GOAL OF THE EXERCISE. Below are some records. Quote exactly the lines from the one that contains "为了深入学习贯彻习近平新时代" through the last, both included, and leave out the pictures.

ENTRIES PROVIDED.
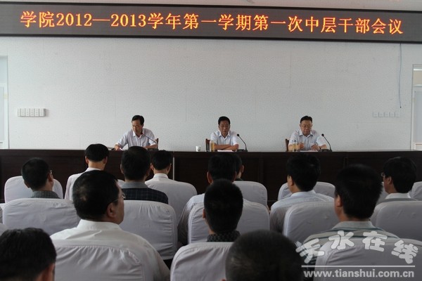 8月26日,甘肅林業(yè)職業(yè)技術(shù)學(xué)院召開2012-2013學(xué)年第一學(xué)期第一次中層干部會議,會議由學(xué)院黨委書記朱勇虎主持。
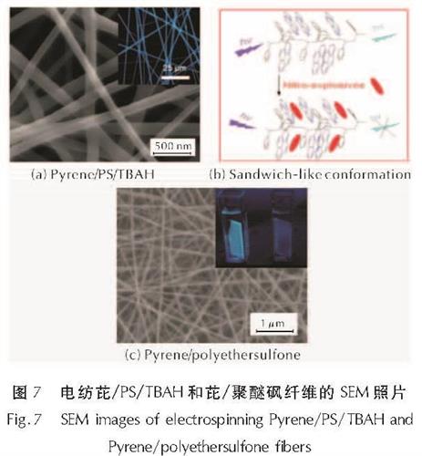 Fig.7 SEM images of electrospinning Pyrene/PS/TBAH and Pyrene/polyethersulfone fibers荧光检测的机理可以概述为荧光分子中激发态的电子与缺电子的化合物受体结合,通过光诱导电子转移(PET)、Forster共振能量转移(FRET)以及内滤效应(IFE)等光物理过程阻断电子在荧光分子中的流动、改变荧光信号形成荧光淬灭,从而达到爆炸物检测的目的[49, 51]。电纺纳米复合纤维由于独特的结构特性如较大的比表面积和多孔结构等,有利于荧光检测过程中爆炸物分子的快速扩散及其与荧光基团的充分接触,从而实现电子的快速转移和爆炸物的痕量检测。电纺纳米复合纤维由于检测灵敏度高、选择性强、经济环保,在含能爆炸物检测中表现出极好的应用前景。
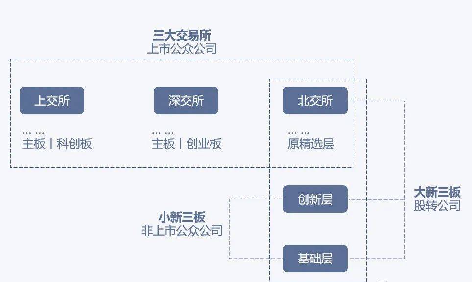 大新三板(股转系统公司)大就大在包括了北交所,而上交所、深交所是在交易所下面包括了不同“板”(主板、创业板、科创板)。
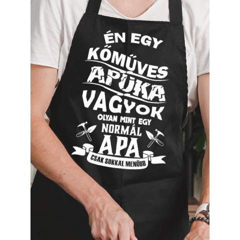 Kötény apáknak, kőműves apuka. Én egy kőműves apuka vagyok, olyan mint egy normál apa csak sokkal menőbb, szakmás kötény Édesapáknak. Ajándék ami Apák napjára, születésnapra, névnapra is tökéletes választás. A kötény fekete vagy fehér színben választható.
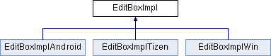 Implemented in EditBoxImplTizen, EditBoxImplAndroid, and EditBoxImplWin.
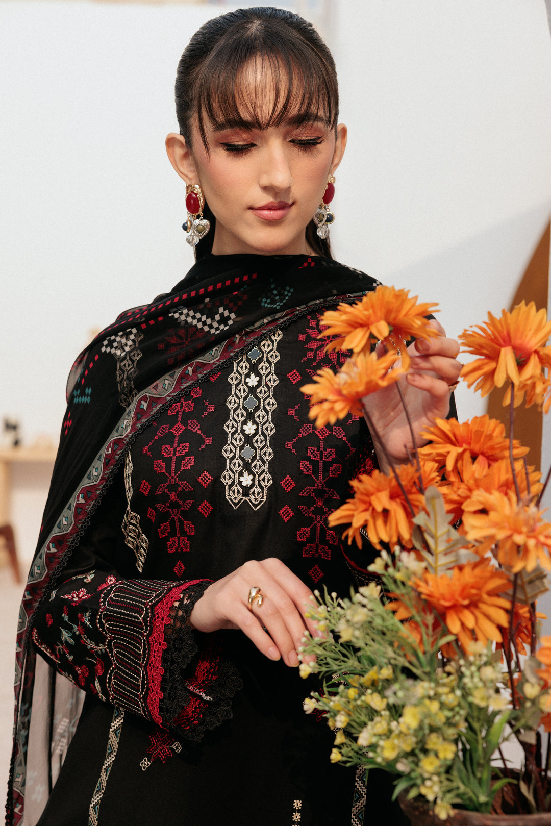 Summary: Embrace timeless elegance with this stunning black Pakistani Lawn suit from Florent's Summer collection. This unstitched ethnic wear is crafted from premium lawn, a lightweight and breathable fabric perfect for the warmer months. The kameez features exquisite embroidery on the front, sleeves, and a separate border for the hem, creating a sophisticated and formal look. Paired with a digitally printed Bamber Chiffon dupatta, this summer outfit balances classic style with modern artistry. This versatile Pakistani dress is an ideal choice for formal gatherings, evening parties, or festive celebrations like Eid.
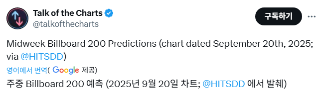 토크 오브 차트(Talk of the Charts)가 다음주 빌보드200 예측 결과 '케데헌' OST 앨범이 사상 처음 1위에 오를 전망이라고 발표했습니다.
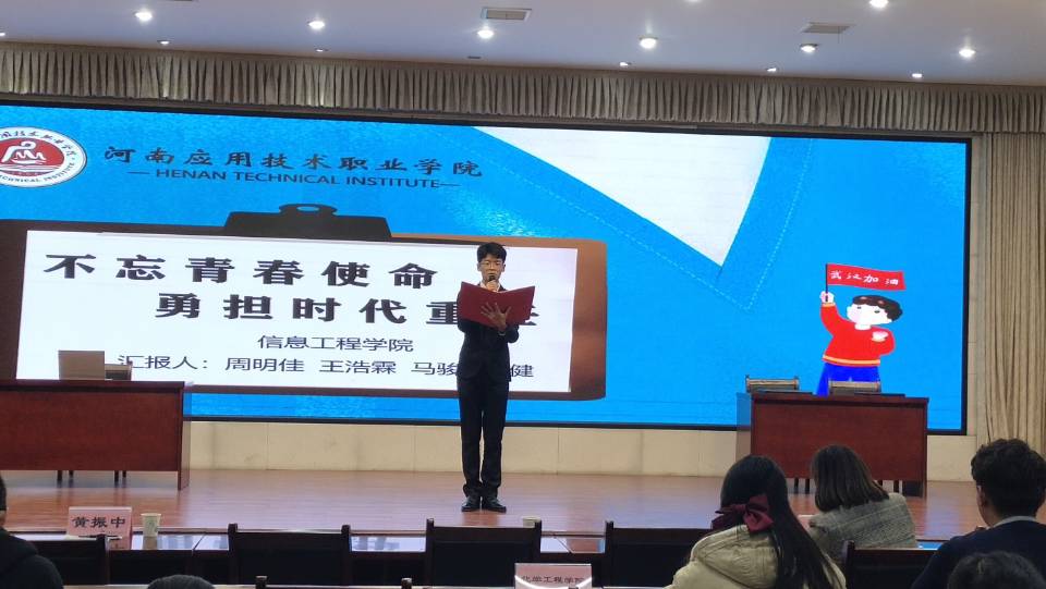 为了深入学习贯彻习近平新时代中国特色社会主义思想和党的十九大精神,号召同学们争做新时代新青年,为实现青春梦、中国梦而奋斗,现结合思想政治理论课堂教学,河南应用技术职业学院于11月24日开展“弘扬抗疫精神,做好新时代青年”为主题的成果展示大赛。信息工程学院马骏,周明佳,黄健,王浩霖四名同学参加本次大赛。
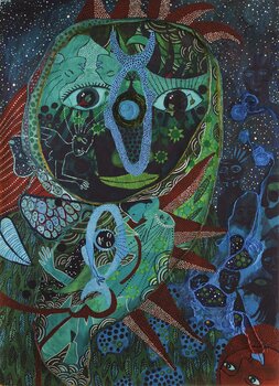 Im Mittelpunkt steht der große Geist – Sinnbild für die Verbundenheit allen Lebens.… Pflanzen, Tiere, Menschen und Sterne fließen ineinander, werden eins im Spiel der Farben, Linien und Symbole.

YOUR RESPONSE.
 为了深入学习贯彻习近平新时代中国特色社会主义思想和党的十九大精神,号召同学们争做新时代新青年,为实现青春梦、中国梦而奋斗,现结合思想政治理论课堂教学,河南应用技术职业学院于11月24日开展“弘扬抗疫精神,做好新时代青年”为主题的成果展示大赛。信息工程学院马骏,周明佳,黄健,王浩霖四名同学参加本次大赛。
 Im Mittelpunkt steht der große Geist – Sinnbild für die Verbundenheit allen Lebens.… Pflanzen, Tiere, Menschen und Sterne fließen ineinander, werden eins im Spiel der Farben, Linien und Symbole.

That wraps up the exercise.